Dataset records START
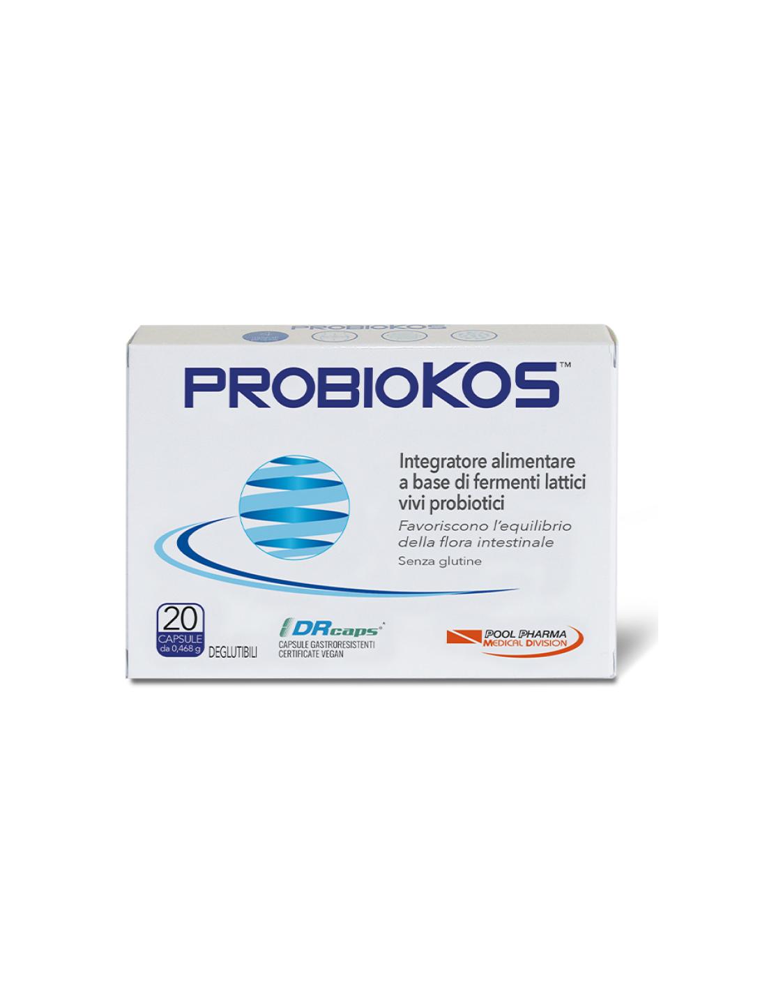 Confezione da 20 capsule, gastroresistenti e deglutibili, da 0,468 g.
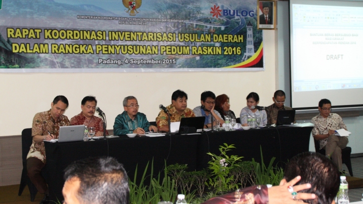 Padang, 4 September 2015 - Staf Ahli Menteri Koordinator Bidang Pembangunan Manusia dan Kebudayaan (Menko PMK) Bidang Usaha Kecil, Mikro, Menengah dan Ekonomi Kreatif Gunarso Djoko Santoso memberikan sambutan sekaligus membuka secara resmi Rapat Koordinasi (Rakor) Inventarisasi Usulan Daerah dalam Rangka Penyusunan Pedoman Umum (Pedum) Raskin 2016 yang diselenggarakan pada Jum'at (4/9/2015) di Padang, Sumatera Barat.
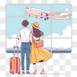 插画一对年轻夫妇站着窗边外面飞机飞过在看地图免抠元素
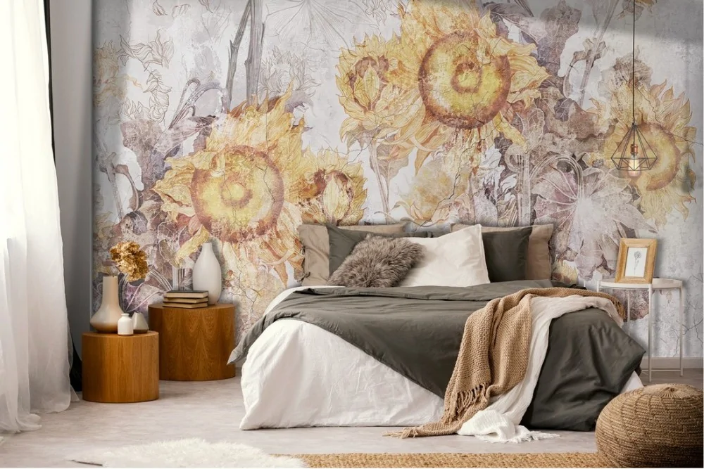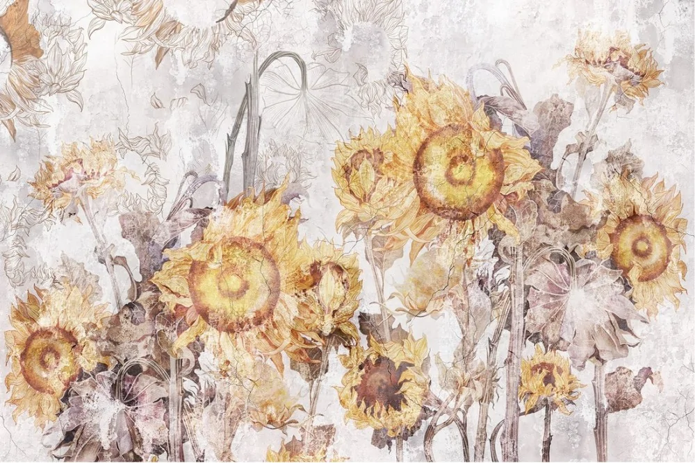 Wallpaper illustration nature vintage sunflowers
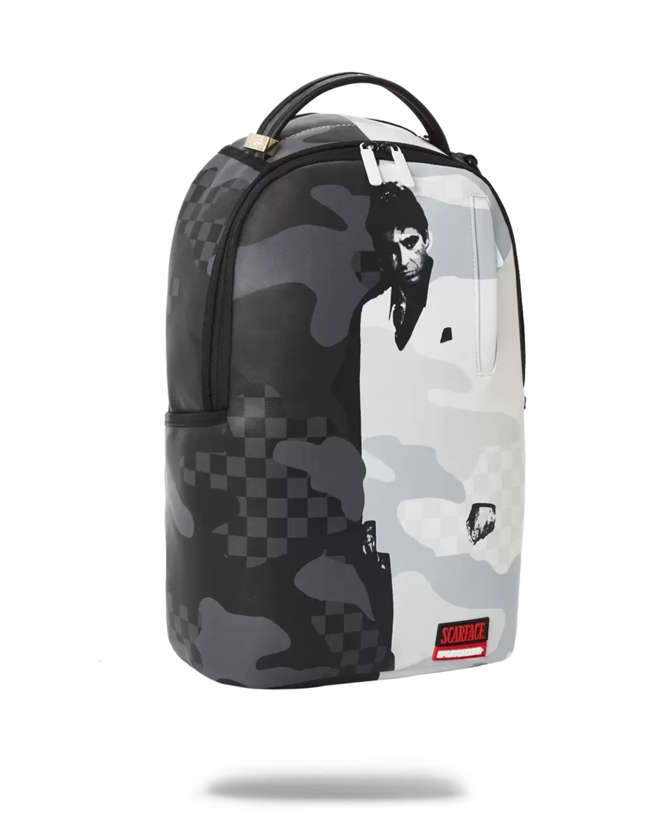 Dimensions: 18″ x 6″ x 11.5″ Front zipper pocket Side pockets Zippered Stash pocket Separate velour sunglass compartment Ergonomic mesh back padding Adjustable Straps for custom sizing Gold zippers with metal hardware Metal “Sprayground Authentic” badge Slide through back sleeve connects to carry-on luggage to free your hands
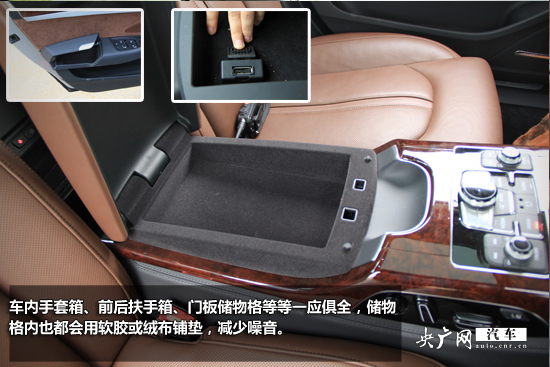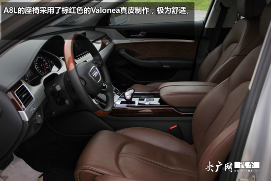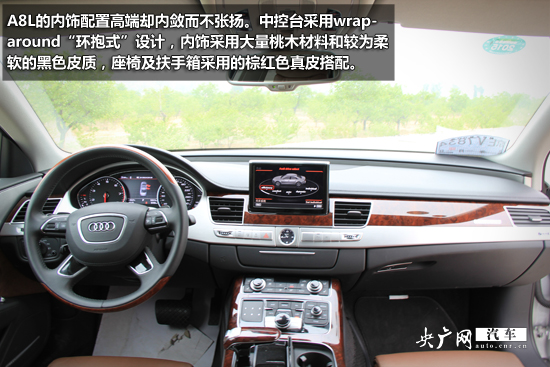 A8L的內(nèi)飾可謂精致典雅,配置高端卻內(nèi)斂而不張揚(yáng)。中控臺(tái)采用wrap-around“環(huán)抱式”設(shè)計(jì),內(nèi)飾采用大量桃木材料和較為柔軟的黑色皮質(zhì),座椅及扶手箱采用的棕紅色真皮搭配,為A8L營(yíng)造出了的極為尊貴卻又不盛氣凌人的駕乘氛圍。
Dataset records END
- Task to carry out -
Retype only the lines above from the one with "插画一对年轻夫妇站着窗边外面飞机飞过在看地图免抠元素" through the last, both ends included, keeping every picture out of the copy.

- Exercise answer -
 插画一对年轻夫妇站着窗边外面飞机飞过在看地图免抠元素
 Wallpaper illustration nature vintage sunflowers
 Dimensions: 18″ x 6″ x 11.5″ Front zipper pocket Side pockets Zippered Stash pocket Separate velour sunglass compartment Ergonomic mesh back padding Adjustable Straps for custom sizing Gold zippers with metal hardware Metal “Sprayground Authentic” badge Slide through back sleeve connects to carry-on luggage to free your hands
 A8L的內(nèi)飾可謂精致典雅,配置高端卻內(nèi)斂而不張揚(yáng)。中控臺(tái)采用wrap-around“環(huán)抱式”設(shè)計(jì),內(nèi)飾采用大量桃木材料和較為柔軟的黑色皮質(zhì),座椅及扶手箱采用的棕紅色真皮搭配,為A8L營(yíng)造出了的極為尊貴卻又不盛氣凌人的駕乘氛圍。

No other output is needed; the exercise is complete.